Our study showed synergistic effects of HFD and iron on T and AGEs metabolism. When compared to those of lean rats, obese rats showed no reduction in serum and testicular total T levels in spite of marginal increases in serum and testicular CML levels. Although obese rats had slightly higher serum CML levels than those of lean rats, we found no difference in HbA1c level (lean: 4.3% vs. 4.5%). Mu et al. [52
] conducted a 8 weeks HFD feeding experiment and observed that serum T levels in obese mice were initially increased then gradually decreased and the reduction of total T levels was correlated with the decreased size of testis. In our current rat experiment, the addition of 50% HFD or HFD plus ferric iron did not reduced the size of testis compared with healthy lean rats. It is likely that our experimental obese rats were healthier and had less severe testicle damage compared to those mice of Mu [52
]. However, the addition of >1 g ferric iron plus HFD diet significantly decreased total T levels and this was associated with increased serum MDA levels, but not serum CML. Detail examination of liver and testicle tissues showed that >1g ferric iron results in testicular iron and AGEs/CML accumulation and this is associated with increased expression of testicular RAGE as well as oxidative (NO, MDA) and pro-inflammatory markers (TNF-α). Although an HFD alone induced comparable levels of testicular MDA as did the iron/fat-enriched diet, high doses of iron (1 g or 2 g of ferric iron) also increased expressions of testicular TNF-α and NO as well as antioxidants (e.g., SOD2 and catalase). This suggests that high-dose iron triggers inflammatory responses as well as oxidative stress in testes. Alternatively, the ligation of AGEs-RAGE mediated by high doses of iron may further contribute to activation of TNF-α and NO synthesis.

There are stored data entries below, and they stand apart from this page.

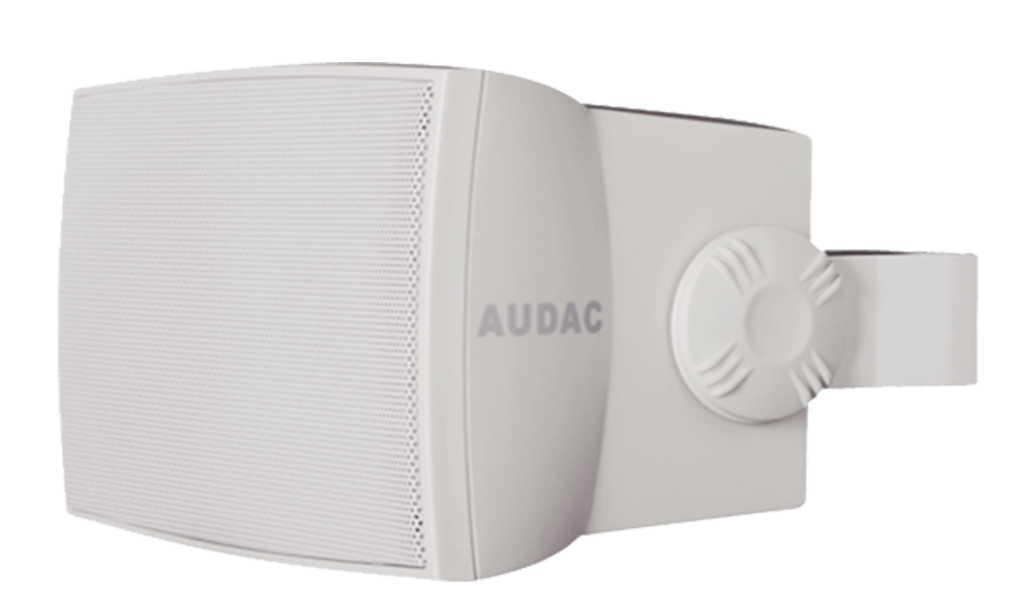 The AUDAC WX302/O speakers are specifically designed for outdoor use and lend themselves to a variety of applications, ensuring true-to-nature, high-fidelity reproduction of music and speech. The electroplated paint steel mounting brackets allow users to mount the WX302/O vertically as well as horizontally. A special treatment with powder coating provides the necessary protection for all weather conditions. Because of the special powder coating, the brackets can pass the 96 hours salt-spray test, which has reached to the standard for outdoor applications. A drain hole behind the aluminum grill allows rainwater to flow out. The waterproof AWX-5 connector at the backside makes sure that this speaker meets the IP55 standards. The WX302/O is a 2-way performance speaker with a 3” low frequency loudspeaker and a 1” dome tweeter. With the rotatable waterproof AWX-5 connector at the back of the speaker, the power tapping can be set in 3 adjustable steps for 100V and one step for 8 Ohm standard low impedance applications : – 20 Watt, 10 Watt, 5 Watt @ 100 V – 30 Watt @ 8 Ohm The speakers are built in a rugged synthetic housing.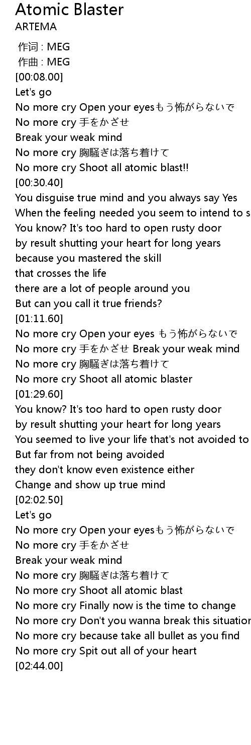 | [02:20.60] | No more cry Shoot all atomic blast |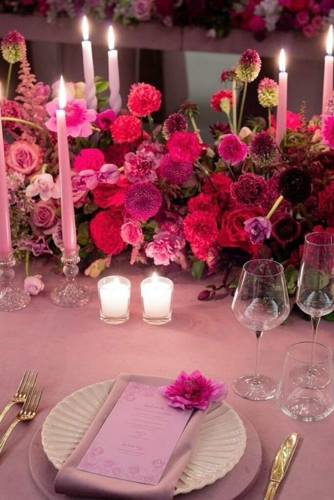 This approach works best for formal dinners where symmetry, repetition, and warm lighting elevate pink without excess or visual noise appearing.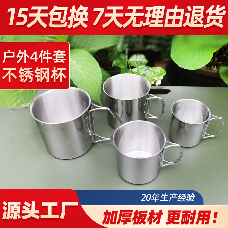 304 스테인레스 컵 야외 휴대용 물 컵 캠핑 접이식 등산 컵 보관 가능 피크닉 컵 4 개 세트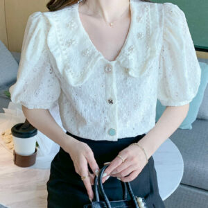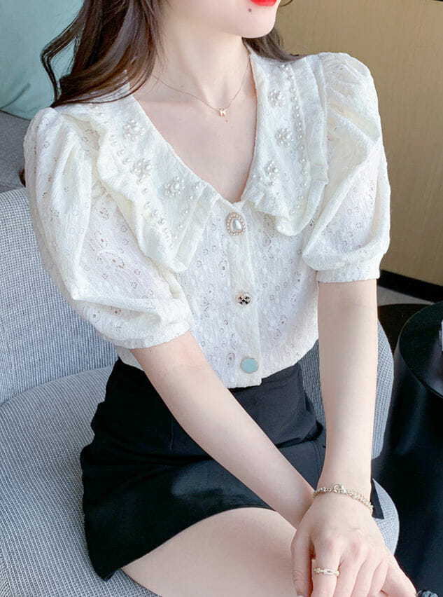 Lovely Beads Doll Collar Puff Sleeve Lace Blouse
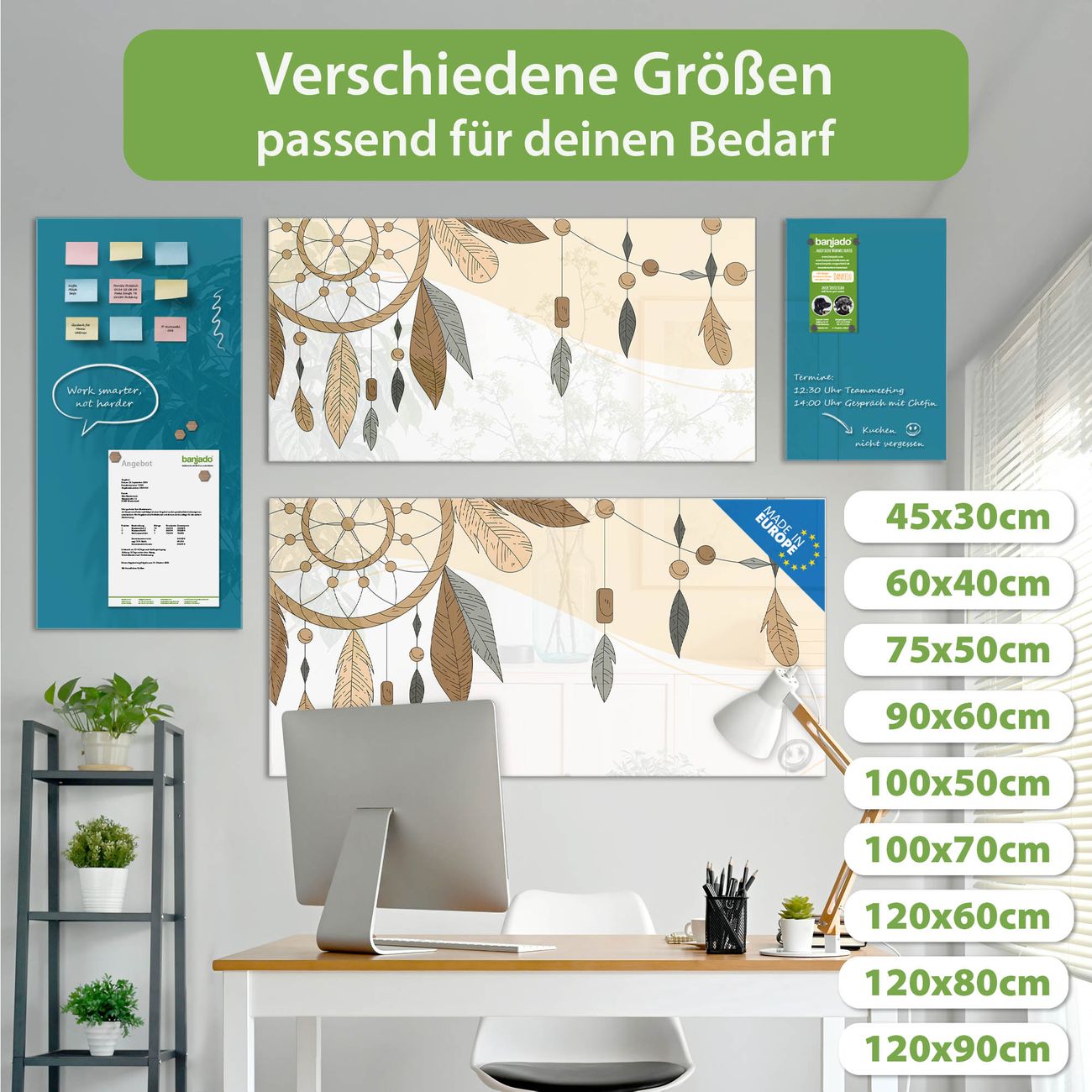 Ein Stück Design, das Ihren Alltag organisiert. Schreiben, heften, inspirieren - alles an einem Ort. Qualität, die man spürt. Montage leicht gemacht. Handwerk mit Herz - veredelt in Sachsen. Einzigartiges Design mit Motiv Motiv Boho Traumfänger Beschreibbare Glasoberfläche, leicht zu reinigen Starke Magnetkraft durch Stahlrückwand Inklusive 4 Neodym-Magneten Flexible Montageoptionen Handveredelt in Sachsen - Qualität, die bleibt
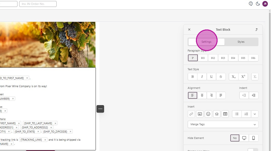 - Down in the text box, you can edit the verbiage and add or change the Merge Tags here.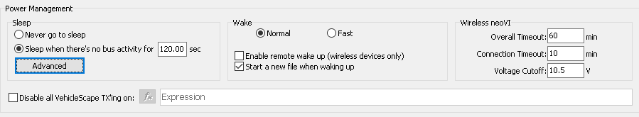 Power Management will put the neoVI device into a low power (sleep) state. VehicleScape DAQ has a few options. The first is "Never". This option will used what is configured in the hardware from neoVI 3G Explorer. By default the unit will not go into low power mode. Then next option is to If you choose to enable any type of sleep mode there is functionality for "Instant Wakeup". This means that the neoVI will not miss any messages (including the message that woke it up). Be aware that this state draws more power than normal sleep mode. See Figure 3. Never: Will use built in hardware settings configured from neoVI 3G Explorer (default is Sleep Mode disabled) On No Bus Activity: The last option will put the device to sleep once the bus is quiet. Note: Any Bus activity will wake up the neoVI.
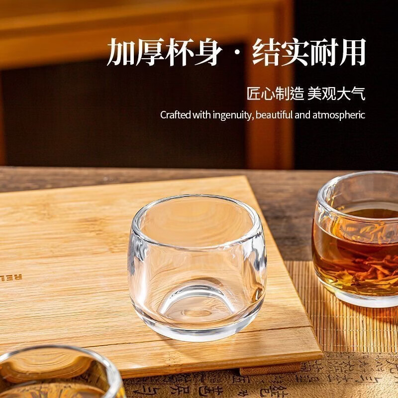 高档主人杯水晶玻璃杯扳指杯透明杯子功夫茶道杯高颜值中式茶杯 透明扳指杯-1个装85ml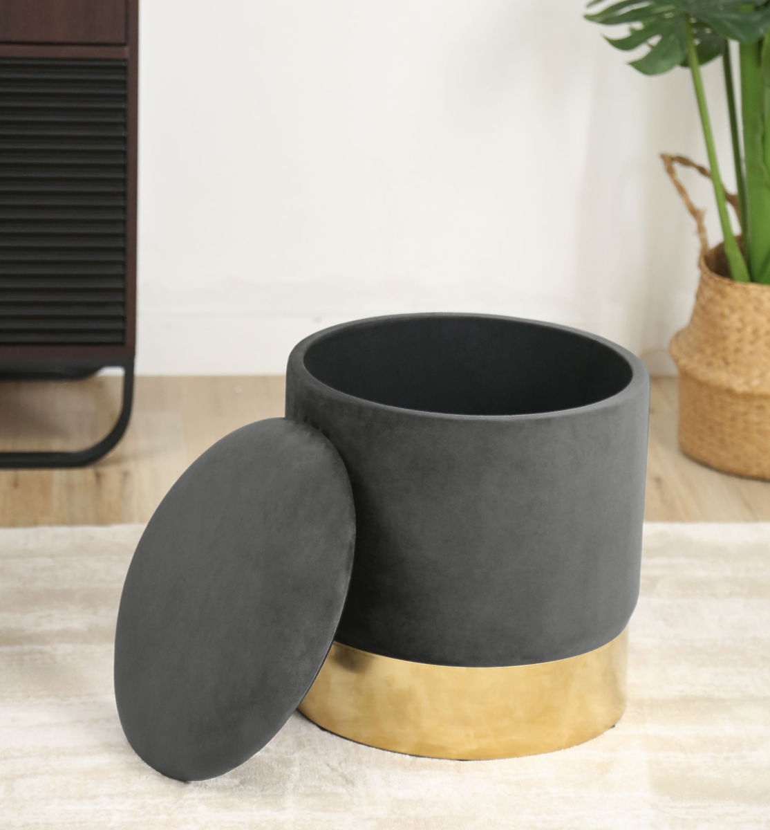 Grafitszürke puff aranyszínű fém alapon, tárolóval. .. többet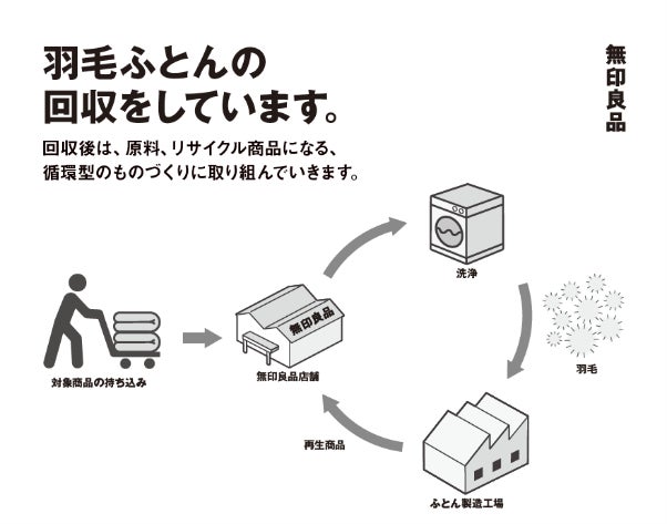 無印良品を展開する株式会社良品計画(東京都文京区/代表取締役社長 清水 智)は、このたび、無印良品で販売した羽毛布団の店頭回収を12月6日(金)より全国46店舗で開始いたします。また、羽毛布団をお持ち込みいただいたお客さまには、MUJI Passport アプリのMUJI マイル※を1,000マイル、プレゼントいたします。
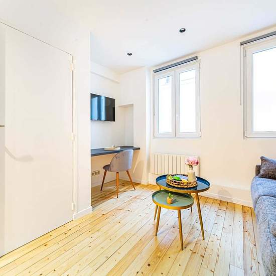 Le logement Ce logement est disponible pour un bail mobilité UNIQUEMENT. Le bail mobilité est un type de bail de location meublée de courte durée. Il vise à faciliter la mobilité des locataires, et notamment ceux amenés à déménager pour des raisons professionnelles (mutation ou mission), les étudiants, les jeunes en formation, en alternance ou en stage. Il s'agit d'un appartement de 30m2 situé au 2eme étage sans ascenseur. Il se compose de: - Une cuisine équipée et fonctionnelle : frigidaire, plaques de cuisson, machine à café, grille-pain, ...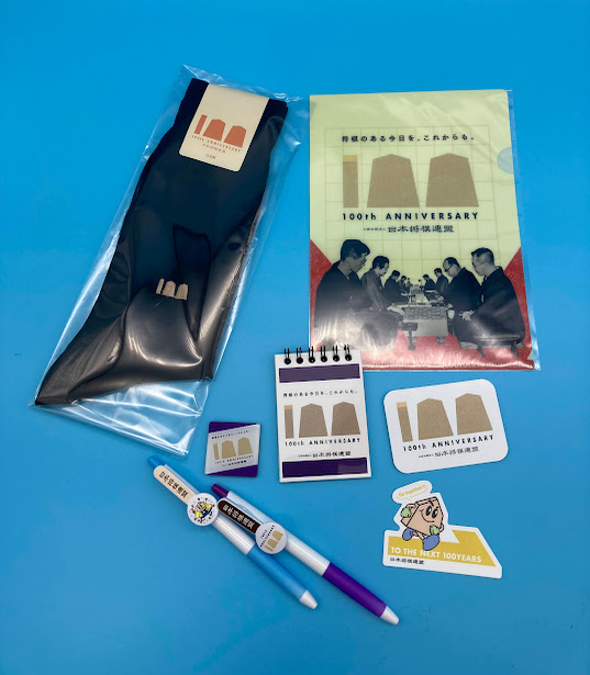100周年ロゴと日本将棋連盟カラーの紫をあしらったオリジナルデザインで、おみやげにもおすすめです。

The effects of dietary lipids on the male sex hormone have been known for more than 30 years [53
]. Cholesterol is the precursor of all steroid hormones including the male sex hormone, T. But a meal rich in fat (containing 1300 kcal, 11% carbohydrates, 3% protein, and 86% fat) was shown to decrease circulating total T (−22%) in 11 healthy men, and this effect lasted for 1~8 h [54
]. A complex multidirectional relationship between obesity and an androgen deficiency may exist. Obesity is associated with decreased gonadotropin-releasing hormones (e.g., luteinizing hormone, LH), and low circulating LH may suppress T synthesis by affecting Leydig’s cells [51
]. Obesity-related inflammation might also directly contribute to T deficiency [51
]. In addition, an HFD may enhance endogenous AGE formation [55
]. An animal study showed that an HFD induced visceral AGE formation [55
], and mice fed high dietary AGEs exhibited increased systemic inflammatory cytokines and weight gain [57
]. An in vitro study showed that AGEs suppressed human chorionic gonadotropin-induced T synthesis in a dose-dependent manner in primary rat Leydig’s cells via inducing oxidative stress and endoplasmic reticular stress-associated pathways [21
]. Collectively, these data suggest that an HFD may interfere with the metabolism of modified AGEs, and increased testicular AGE accumulation may cause Leydig’s cell dysfunction, leading to decreased T synthesis.